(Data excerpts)

--

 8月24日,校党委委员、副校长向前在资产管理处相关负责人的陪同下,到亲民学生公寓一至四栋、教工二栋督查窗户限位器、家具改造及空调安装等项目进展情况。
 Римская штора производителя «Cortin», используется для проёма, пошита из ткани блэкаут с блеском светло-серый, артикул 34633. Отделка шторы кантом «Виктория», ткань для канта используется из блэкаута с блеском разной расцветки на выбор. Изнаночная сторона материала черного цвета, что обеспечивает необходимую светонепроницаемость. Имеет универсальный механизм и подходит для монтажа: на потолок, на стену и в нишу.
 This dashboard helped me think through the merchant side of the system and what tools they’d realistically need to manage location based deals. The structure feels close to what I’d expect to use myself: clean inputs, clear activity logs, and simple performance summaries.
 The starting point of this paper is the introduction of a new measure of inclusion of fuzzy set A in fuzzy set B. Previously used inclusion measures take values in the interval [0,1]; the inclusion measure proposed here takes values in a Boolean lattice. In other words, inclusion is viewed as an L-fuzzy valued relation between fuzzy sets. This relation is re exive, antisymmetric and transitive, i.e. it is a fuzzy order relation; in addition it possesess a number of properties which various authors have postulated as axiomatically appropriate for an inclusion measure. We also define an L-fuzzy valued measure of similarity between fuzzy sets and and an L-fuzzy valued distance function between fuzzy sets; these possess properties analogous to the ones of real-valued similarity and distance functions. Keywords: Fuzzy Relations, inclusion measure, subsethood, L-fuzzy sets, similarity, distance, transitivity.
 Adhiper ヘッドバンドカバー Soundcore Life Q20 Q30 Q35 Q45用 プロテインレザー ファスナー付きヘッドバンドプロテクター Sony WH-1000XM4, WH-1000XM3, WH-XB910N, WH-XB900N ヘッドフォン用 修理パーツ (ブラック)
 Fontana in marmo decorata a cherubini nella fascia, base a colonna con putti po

--

## Instructions for the task
Where the word "This" shows up in a line of the entries above, copy that line.

## Expected answer
 This dashboard helped me think through the merchant side of the system and what tools they’d realistically need to manage location based deals. The structure feels close to what I’d expect to use myself: clean inputs, clear activity logs, and simple performance summaries.
 The starting point of this paper is the introduction of a new measure of inclusion of fuzzy set A in fuzzy set B. Previously used inclusion measures take values in the interval [0,1]; the inclusion measure proposed here takes values in a Boolean lattice. In other words, inclusion is viewed as an L-fuzzy valued relation between fuzzy sets. This relation is re exive, antisymmetric and transitive, i.e. it is a fuzzy order relation; in addition it possesess a number of properties which various authors have postulated as axiomatically appropriate for an inclusion measure. We also define an L-fuzzy valued measure of similarity between fuzzy sets and and an L-fuzzy valued distance function between fuzzy sets; these possess properties analogous to the ones of real-valued similarity and distance functions. Keywords: Fuzzy Relations, inclusion measure, subsethood, L-fuzzy sets, similarity, distance, transitivity.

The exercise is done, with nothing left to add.